Sat, Feb 04, 2006 - Page 5 News List

Plans for royal succession worry conservative Japan


Several Cabinet members yesterday raised concerns about the prime minister's plan to submit legislation by June to allow women to take the Japanese throne, reflecting increasing opposition among conservative lawmakers.

To avert a succession crisis in the imperial family, Japanese Prime Minister Junichiro Koizumi has been pushing to revise the 1947 law, which only allows men on the throne.

The imperial family has not produced a male heir since the 1960s, and public support has been growing for a legal change. But conservative lawmakers and academics have recently stepped up opposition, and several Cabinet ministers yesterday urged Koizumi to slow down.

"I doubt the bill has to be so desperately passed during the current parliamentary session," Foreign Minister Taro Aso said yesterday. "We need more time to discuss it thoroughly."

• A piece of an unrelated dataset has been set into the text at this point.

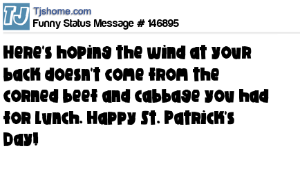 X says Here's hoping the wind at your back doesn't come from the corned beef and cabbage you had for lunch. Happy St. Patrick's Day!
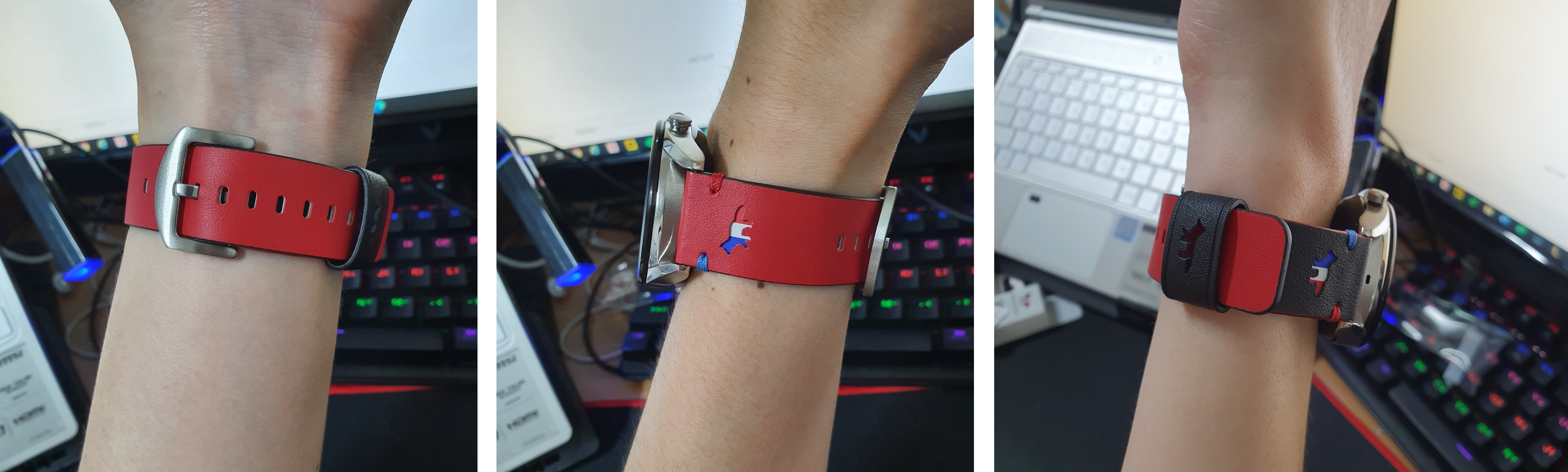 리뷰를 위해 5분도 안 되는 시간 동안 착용하고 나서의 스트랩 상태입니다.

Finance Minister Sadakazu Tanigaki also urged the process for the legal revision to slow down.

"We should take a long and hard look and act when the time is ripe," he said.

A special panel that studied the imperial succession issue last year recommended letting women on the throne, and Koizumi said in a major policy address last month that his government would soon submit legislation based on the recommendation to parliament.

Despite the overwhelming public support for the reform, traditionalists have stepped up their campaign to squash the move.